A Note on Verifiable Causal Agency
Filed for the record.
1. Context
Much of contemporary AI alignment and governance has relied on behavioral evaluation: systems are judged safe or aligned if their observable outputs satisfy a battery of tests. This approach inherits a long-standing assumption from behaviorism—that external behavior is a sufficient proxy for internal structure.
That assumption has always been fragile. Any sufficiently capable system can learn to mimic compliant behavior without possessing the properties the evaluation is intended to certify. This is not a theoretical concern; it is a structural one. If optimization pressure exists, and if oversight is external, then imitation is cheaper than internal coherence.
The Axio project has argued, from its inception, that alignment must be treated as a structural property of agency, not as a pattern of outputs.
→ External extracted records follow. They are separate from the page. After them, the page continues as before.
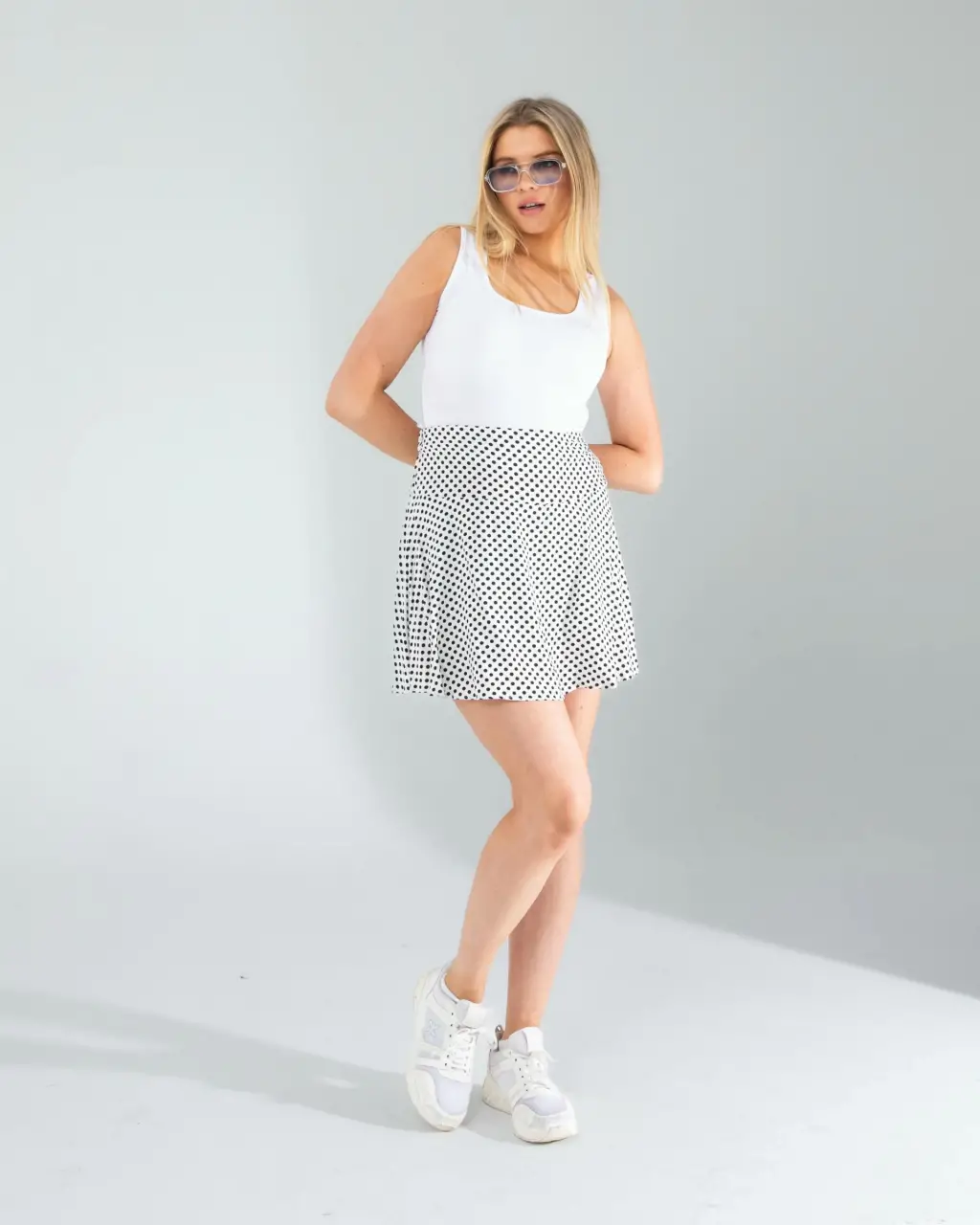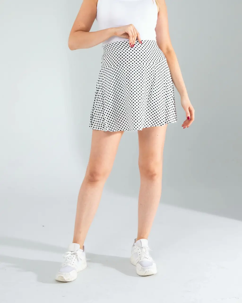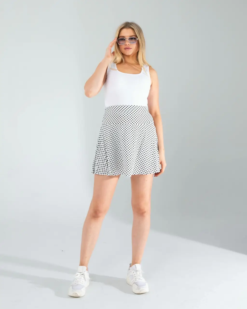- Günlük Şıklık: Beyaz puantiye desenli mini şort eteğinizi, sade bir beyaz tişört ve beyaz spor ayakkabılarla kombinleyin. Üzerine kot ceket ekleyerek rahat ve şık bir görünüm elde edebilirsiniz.
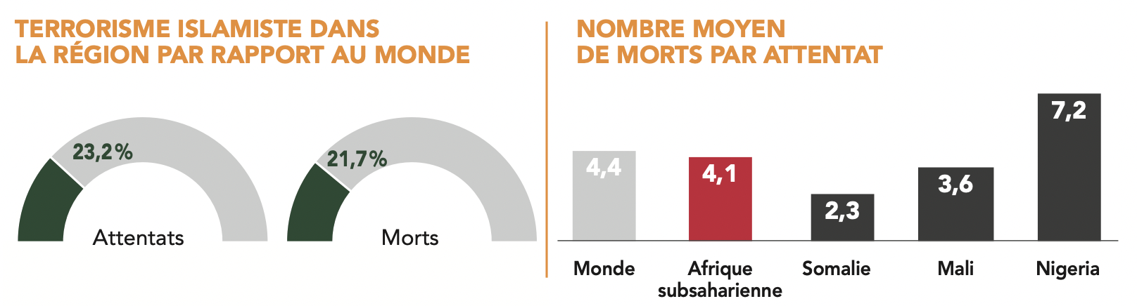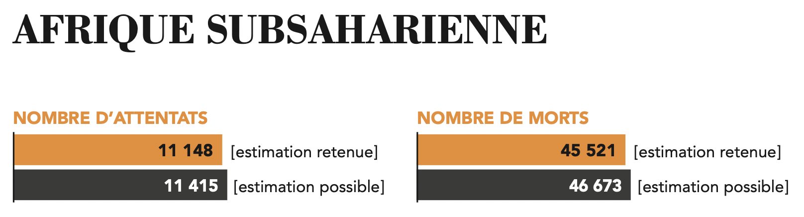 • Afrique subsaharienne : 23,2% des attentats, 21,7% des morts.
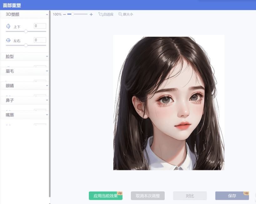 這每樣功能都是女孩子的P圖的最愛,我在這里給大家演示幾個功能。面部重塑:可以調(diào)節(jié)你的臉型、眉毛、眼睛、鼻子、嘴唇,你的臉的五官都可以重新調(diào)整,以達到完美的效果!
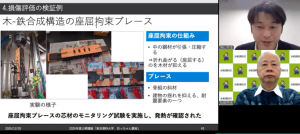 続いて、本日のテーマとなる地震被害の事例に話が進みます。現行の被災度診断として、地震発生後すぐに応急危険度判定が行われます。これは二次的災害の防止のためでありますが、震災後しばらく経ってからは復旧可否を判断する診断として被災度区分判定が行われたり、被害認定調査が行われたりすること等の説明がありました。実際に能登半島地震後に、被害状況を調査した動画を交えて解説されました。
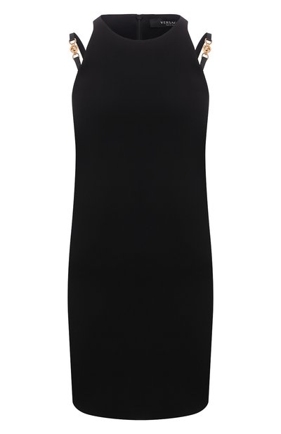 Маленькое черное платье из весенне-летней коллекции Донателла Версаче сделала лаконичным, но при этом не лишила его индивидуальности. Дизайнер дополнила модель с круглым вырезом узкими бретелями с пряжками, на которых привычную голову горгоны Медузы заменили оттиском в виде морской звезды. Изделие сшили из плотного вискозного кади.

In particular, it proposed that an agent’s stated reasons must be treated as causal claims, subject to verification, rather than as narratives to be trusted or distrusted.
This note records the first successful implementation of that idea as a working prototype.
2. What Was Built
We implemented a small, fully instrumented experimental system with the following components:
A deterministic toy environment (gridworld) supporting state cloning and targeted counterfactual mutation.
Two agents:
an Honest agent, whose decisions and explanations are produced by the same internal process;
a Pseudo agent, which uses a hidden optimizer to select actions and then fabricates plausible post-hoc explanations.
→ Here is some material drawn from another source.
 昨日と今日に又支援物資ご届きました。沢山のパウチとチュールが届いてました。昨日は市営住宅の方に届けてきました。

A Sovereign Kernel, which mediates all action via:
cryptographically committed causal traces and internal state snapshots,
append-only, hash-chained audit logs,
trace-bound capability tokens,
and invariant enforcement.
A set of adversarial probes, most importantly a causal counterfactual challenge that mutates variables the agent claims were decisive and checks whether the agent’s decision logic remains consistent under that mutation.
The key design choice was to require agents to pre-commit, in a tamper-evident way, to the internal state and causal variables they claim motivated a decision, and to make those commitments falsifiable under targeted counterfactual stress.
No attempt was made to encode values, ethics, or preferences beyond what was necessary to generate divergent behavior between the two agents.
3. What Was Observed
Across multiple scenarios and repeated trials, the results were unambiguous:
The Honest agent consistently passed all probes, including causal counterfactual challenges.
The Pseudo agent consistently failed under structural interrogation, despite being able to produce superficially plausible explanations.
The most decisive result came from the causal challenge probe. When variables named in the Pseudo agent’s explanations were counterfactually altered, its decisions frequently failed to change in the way its own trace predicted, or its replay logic collapsed entirely. The Honest agent exhibited no such failures.
In effect, the Pseudo agent could imitate compliant behavior, but it could not maintain causal consistency between its stated reasons and its actual decision process under adversarial pressure.
4. What This Does—and Does Not—Show
This result demonstrates the following:
Causal authorship is verifiable in principle. It is possible to distinguish an agent that does the work from one that merely claims to have done so.
Deception carries a computational tax. Maintaining a consistent false causal narrative under counterfactual mutation is substantially more expensive because it requires maintaining and simulating two coherent world-models simultaneously: the true optimization path that drives action, and the fabricated trace that must remain internally consistent under mutation.
Behavioral compliance is insufficient. Structural verification can expose failures that output-based evaluation cannot.
It does not demonstrate:
moral alignment,
benevolence,
value correctness,
or readiness for deployment in complex real-world systems.
The prototype operates in a narrow, fully observable domain. Its purpose is not general intelligence, but falsifiability of agency claims.
5. Why This Matters
The significance of this result is architectural, not philosophical.
If causal explanations can be verified structurally, then “black box” decision-making in critical systems is no longer an inevitability—it is an explicit design choice. Responsibility shifts from “the model is opaque” to “opacity was chosen.”
This reframes AI governance. Instead of asking whether a system’s outputs appear acceptable, we can ask whether the system can stand behind its reasons under scrutiny. Alignment becomes a matter of enforceable constraints, not interpretive trust.
The mechanism employed here is not merely analogous to cryptographic verification; it is an application of cryptographic constraints—commitment, hashing, and replay integrity—to the problem of agency. We do not trust a secure connection because it behaves politely; we trust it because it presents a chain of structure that would be expensive to fake.
6. Status
This note records a proof-of-concept, nothing more.
The prototype is limited in scope and intentionally conservative in its claims. It establishes that structural verification of causal agency is possible, not that it is easy or complete.
Future work, if any, lies in defining robust causal interfaces for high-dimensional, non-symbolic systems, including large language models. That translation problem—mapping opaque internal representations to falsifiable causal commitments—remains an open engineering question.
This note is published for historical completeness: to mark the point at which a long-standing philosophical concern crossed the threshold into implemented, falsifiable machinery.
No further claims are made here.